# Black Note e-liquid



## GMacDiggity (1/12/16)

Hi all, 

So I am really keen on trying some of this but can't seem to find it in stock anywhere... Does anyone know of a place that I can buy this in SA or alternatively a cost effective way of importing it?


----------



## Andre (1/12/16)

I researched their juices some time back and came to the conclusion that they are not worth the while for the price. I have imported from www.houseofliquid.com (UK) and love their El Toro Cigarillos.

Reactions: Like 1


----------



## GMacDiggity (1/12/16)

@Andre Thanks for the response! Ya I was wondering if they would be worth the cost or not. May try a few other local tobacco juices and see if they float my boat! Don't feel like wasting cash on something that isn't worth the while! 

The el Toro stuff does look pretty phenomenal! May well look into a bit of that, seems like a much more reasonable price! Thanks for the advice on that!

Reactions: Like 1


----------



## Andre (1/12/16)

GMacDiggity said:


> @Andre Thanks for the response! Ya I was wondering if they would be worth the cost or not. May try a few other local tobacco juices and see if they float my boat! Don't feel like wasting cash on something that isn't worth the while!
> 
> The el Toro stuff does look pretty phenomenal! May well look into a bit of that, seems like a much more reasonable price! Thanks for the advice on that!


For tobaccos DIY is the way to go imho.

Reactions: Like 1


----------



## GMacDiggity (1/12/16)

Andre said:


> For tobaccos DIY is the way to go imho.

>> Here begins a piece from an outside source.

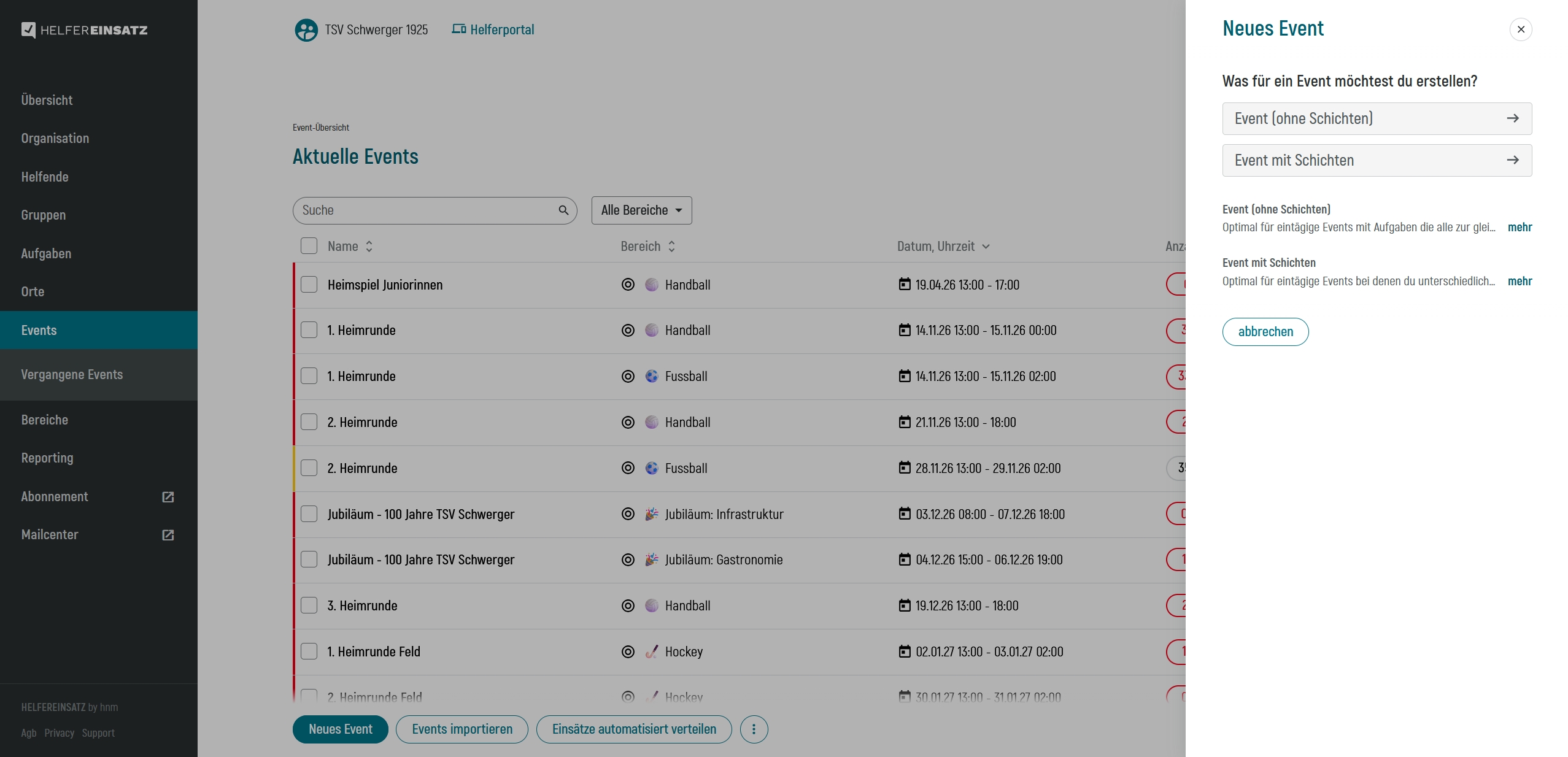Es gibt zwei Arten von Events in Helfereinsatz. Je nach Art eurer Veranstaltung macht die eine oder andere Art Sinn. Damit ihr bereits von Anfang an richtig in die Eventerstellung startet, stellen wir euch hier die beiden Arten kurz vor.

Ya I was thinking about it but my latest forays into DIY have been less than splendid so I have taken a bit of a break from it. Also just really like the idea of it being NET rather than a chemical concoction. Not that it's necessarily better to be NET. Just sounds as if it may be healthier in the long run. Going to take a look on the Tobacco thread and see if anything sounds particularly outstanding

Reactions: Like 1


----------